Abad ke-20 menyaksikan pembaruan pembatasan dan pembatasan yang diberlakukan pada pers oleh pemerintah. Di negara-negara dengan pemerintahan komunis, pers dimiliki oleh negara, dan wartawan dan editor adalah pegawai pemerintah. Di bawah sistem seperti itu, fungsi utama pers untuk melaporkan berita dikombinasikan dengan tugas untuk menegakkan dan mendukung ideologi nasional dan tujuan yang dinyatakan oleh negara. Ini mengarah pada situasi di mana prestasi positif negara-negara komunis ditekankan oleh media, sementara kegagalan mereka tidak dilaporkan atau diabaikan. Penyensoran yang ketat ini meliputi jurnalisme di negara-negara komunis.

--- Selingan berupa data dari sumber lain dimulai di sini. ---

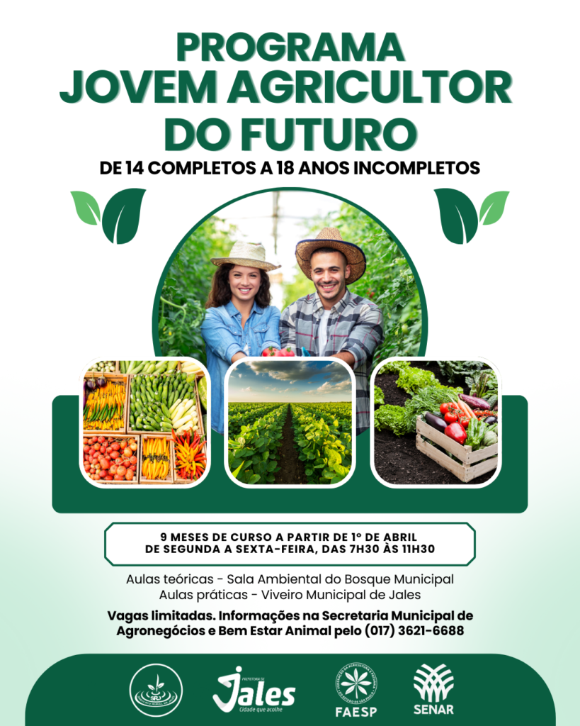 O Programa Jovem Agricultor do Futuro está com inscrições abertas para jovens de 14 a 18 anos incompletos que desejam aprender sobre o setor agrícola e desenvolver habilidades práticas no campo. A iniciativa, que terá duração de nove meses, começa no dia 1º de abril de 2025, com aulas de segunda a sexta-feira, das 7h30 às 11h30.

Di negara-negara berkembang nonkomunis, pers menikmati berbagai tingkat kebebasan, mulai dari penggunaan sensor diri secara diam-diam dan sesekali pada hal-hal yang memalukan bagi pemerintah dalam negeri hingga sensor yang ketat dan ada di mana-mana seperti yang dilakukan negara-negara komunis. Pers menikmati jumlah kebebasan maksimum di sebagian besar negara berbahasa Inggris dan di negara-negara Eropa Barat.

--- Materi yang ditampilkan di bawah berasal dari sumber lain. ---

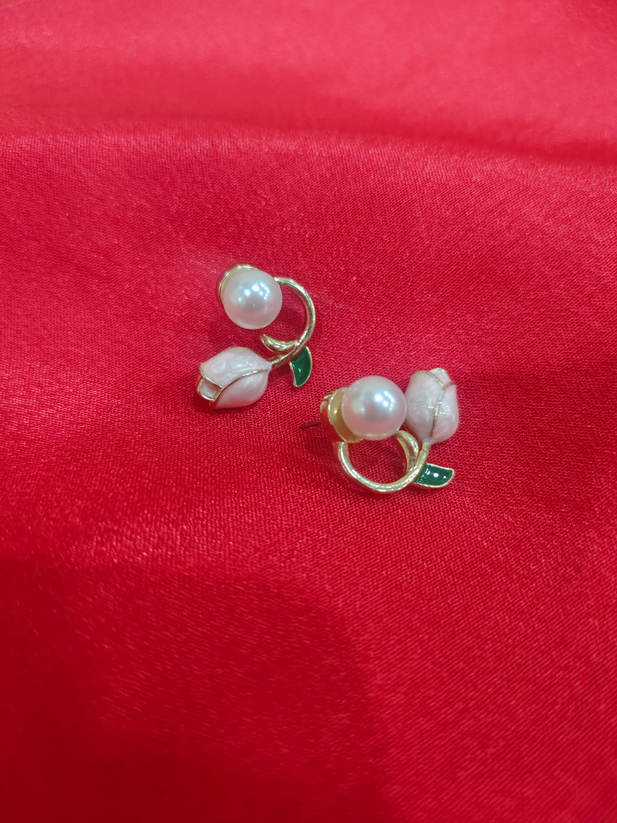 Elegant and timeless, these handcrafted “Pearl Blossom Ear Studs” feature delicate floral motifs with luminous pearls nestled in gold-tone settings. Perfect for everyday elegance or special occasions.

Sementara jurnalisme tradisional berasal dari masa ketika informasi sangat langka dan dengan demikian sangat diminati, jurnalisme abad ke-21 menghadapi pasar yang jenuh-informasi di mana berita, sampai taraf tertentu, diremehkan oleh meluap-luapnya. Kemajuan seperti teknologi satelit dan digital dan Internet membuat informasi lebih banyak dan dapat diakses dan dengan demikian memperketat persaingan jurnalistik. Untuk memenuhi permintaan konsumen yang meningkat akan pelaporan terkini dan sangat rinci, outlet media mengembangkan saluran alternatif penyebaran, seperti distribusi online, surat elektronik, dan interaksi langsung dengan publik melalui forum, blog, konten yang dibuat pengguna, dan situs media sosial seperti Facebook dan Twitter.

Pada dekade kedua abad ke-21, platform media sosial khususnya memfasilitasi penyebaran "berita palsu" yang berorientasi politik, semacam disinformasi yang dihasilkan oleh situs web nirlaba yang menyamar sebagai organisasi berita yang sah dan dirancang untuk menarik (dan menyesatkan) suatu pembaca dengan memanfaatkan bias partisan yang mengakar. Selama kampanye untuk pemilihan presiden AS 2016 dan setelah pemilihannya sebagai presiden pada tahun itu, Donald J. Trump secara teratur menggunakan istilah "berita palsu" untuk meremehkan laporan berita, termasuk oleh organisasi media yang mapan dan terkemuka, yang berisi informasi negatif tentang dia.

Artikel ini baru saja direvisi dan diperbarui oleh Brian Duignan, Editor Senior.